Summary
A simple implementation of an INI file reader using the boost::spirit
framework.
Introduction
This article details the usage of the spirit framework being used as the parser for a simple library that reads and writes INI files. It is not intended as a crash course in parsing or using the spirit
library, but it can be used as an example for such purposes.
Background
Applications usually require some means of storing/retrieving configuration data; on UNIX system it is customary to use configuration files, on Microsoft Windows, the registry is most commonly used. However, sometimes this can be inconvenient as registry cannot be treated as a file, so backup, sharing, source control systems can have problems dealing with it. Using a configuration file can solve those problems, but there is no painless way of doing that - while writing the settings can be done easily, reading them back might become a problem if the file will be user edited.
The problem with reading usually lies in white spaces, comments and optional items in the file structure that can make the parsing code obscure and difficult to maintain. Therefore, the need of a specialized parser is quite obvious when one takes into account ease of maintenance.

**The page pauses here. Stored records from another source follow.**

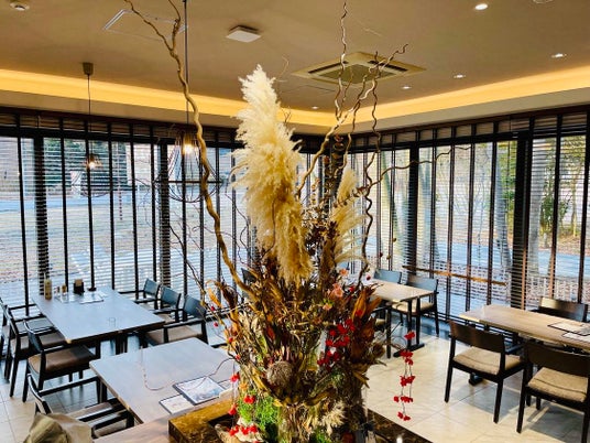 広々とした屋外空間は現代アートも展示されフリースペースになっている。2月1日からはガイアリゾート宿泊施設の夜間チェックインも同店で行う予定(17:00~20:00)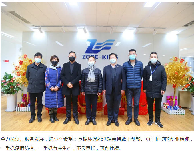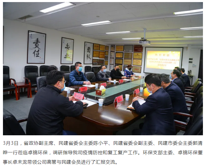 致力抗疫 服務發(fā)展——省政協(xié)副主席、民建省委會主委陳小平、民建省委會副主委、民建市委會主委郭清曄一行走訪調研卓錦環(huán)保
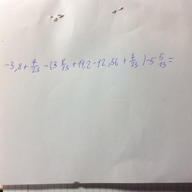 =-3,8 + 7/23 - 3 8/13 - 14,2 + 12,56 - 7/23 - 5 5/13 =-(3,8+14,2) - (3 8/13+5 5/13) +(7/23-7/23) +12,56= -18 - 9 + 12,56 =-27 + 12,56 = -14,44

Probably most known parser generators are flex and yacc, however there are some others available. For this purpose we will use the spirit
framework, part of the boost
library. The boost::spirit
framework differentiates from other parser generators by couple of features. First, it is a fully object oriented lexer and parser. It is implemented as a C++ template library, using overloaded operators to describe the grammar in a BNF like language. As the grammar is described in actual C++ code, and the parser is generated through template instantiation, there is no pre-compile step in your application to generate C code from the grammar definition, nor is any executable required for that purpose. Second, it parses LL grammars (vs. LALR(1) for lex/yacc). Third, it provides some useful predefined parsers, and as well some predefined semantic actions (called actors in spirit).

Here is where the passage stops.